[EXERCISE DIRECTIONS] Below are the records. Retype exactly the lines between the lines holding "Villeroy & Boch" and "Telephone Lines 1891", inclusive.

[RECORDS FOR THIS EXERCISE]
•••
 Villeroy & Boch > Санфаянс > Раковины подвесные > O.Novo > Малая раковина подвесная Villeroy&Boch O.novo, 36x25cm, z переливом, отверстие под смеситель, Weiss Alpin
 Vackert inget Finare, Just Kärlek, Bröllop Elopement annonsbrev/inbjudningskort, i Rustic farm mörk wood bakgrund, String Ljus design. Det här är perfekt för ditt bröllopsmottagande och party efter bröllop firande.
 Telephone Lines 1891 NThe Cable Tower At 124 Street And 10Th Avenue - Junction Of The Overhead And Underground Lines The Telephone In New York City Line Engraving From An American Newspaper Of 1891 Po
•••
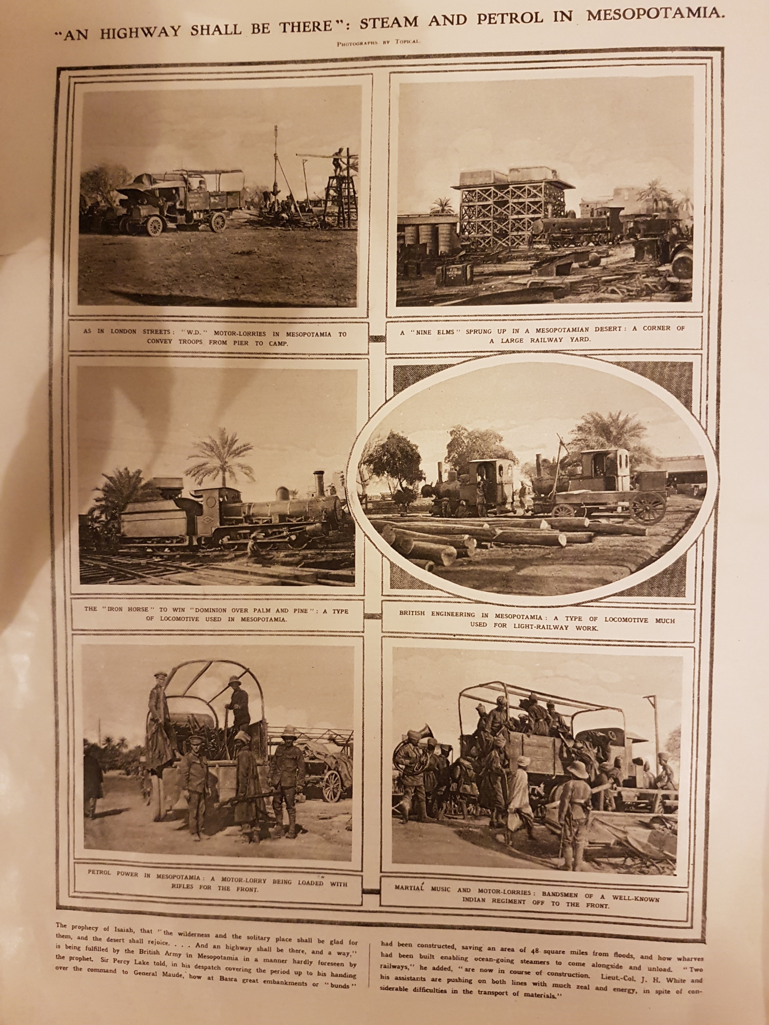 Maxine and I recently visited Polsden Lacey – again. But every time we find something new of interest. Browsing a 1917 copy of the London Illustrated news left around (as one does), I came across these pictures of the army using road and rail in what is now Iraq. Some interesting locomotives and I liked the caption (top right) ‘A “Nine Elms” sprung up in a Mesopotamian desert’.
•••
[RESPONSE BOX]
 Villeroy & Boch > Санфаянс > Раковины подвесные > O.Novo > Малая раковина подвесная Villeroy&Boch O.novo, 36x25cm, z переливом, отверстие под смеситель, Weiss Alpin
 Vackert inget Finare, Just Kärlek, Bröllop Elopement annonsbrev/inbjudningskort, i Rustic farm mörk wood bakgrund, String Ljus design. Det här är perfekt för ditt bröllopsmottagande och party efter bröllop firande.
 Telephone Lines 1891 NThe Cable Tower At 124 Street And 10Th Avenue - Junction Of The Overhead And Underground Lines The Telephone In New York City Line Engraving From An American Newspaper Of 1891 Po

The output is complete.